1a.Objectives (from AD-416):
To obtain the distribution of color of a cotton sample instead of one single color grade by using image analysis methods, and to investigate if higher variation in cotton color is associated with higher variations in other cotton properties such as maturity and fineness. This research will provide new tools for better evaluation of cotton quality and aid the development of the next generation rapid test instrument for cotton color measurement.
1b.Approach (from AD-416):
Image analysis techniques will be used to explore a series of sub-areas of the area of the measured cotton samples. The size of these sub-areas can be down to pixel level. Sophisticated image processing techniques will be used to analyze the sample images’ color distributions and identify the impacts of trash and other impurities. The digital images can have very high resolutions and color levels that are sufficient for differentiating the variations among the different parts of the sample.

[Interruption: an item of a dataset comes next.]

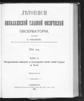 1904. Ч. 2: Метеорологические наблюдения по международной системе станций 2 разряда в России / Изд. М. Рыкачевым, чл. Имп. Акад. наук и дир. Николаевской Гл. физ. обсерватории. Вып. 2. - Санкт-Петербург : Тип. Имп. Акад. наук, 1906. -[6], 2, 444 с. : табл.. - Часть текста на фр. яз. Экз.: без обл.

This is the final progress report for this project. Experimental protocols have been established. Tests have been conducted to acquire color images of a large set of cotton samples covering a wide range of color grades. Samples also included standard color tiles and trash tiles as references. Experiments to investigate the effects of pressure on measurements were also conducted. Methods have been developed to process the acquired sample images and obtain the intra-sample cotton color distributions and variations. Intra-sample variation is defined as the color variation within one measurement of a repetition. Inter-sample variation is defined as the color variation of different repetitions of a cotton. MatLab programs have been developed to compute the intra-sample distribution and variation, in addition to the overall color grade based on the color grade look-up table and chart. Results also indicated that the color values computed by using the image analysis method were highly correlated to color values reported by High Volume Instrument (HVI). ARS Scientist at Southern Regional Research Center (SRRC) in New Orleans, LA are developing methods to quantitatively describe the intra-sample color distribution and variation. ARS Scientists at SRRC in New Orleans, LA have developed the mathematical function that can describe the intra-sample color distribution and variation. The bivariate normal distribution function has been investigated for this purpose. The distributions’ locations, shapes, orientations, and sizes can quantitatively describe the distribution and be used to compare color distributions. MatLab and SAS programs (Statistical Analysis System) were developed for the analyses. Difference between samples’ distributions and variations were compared by looking at their statistical parameters computed from the distribution function.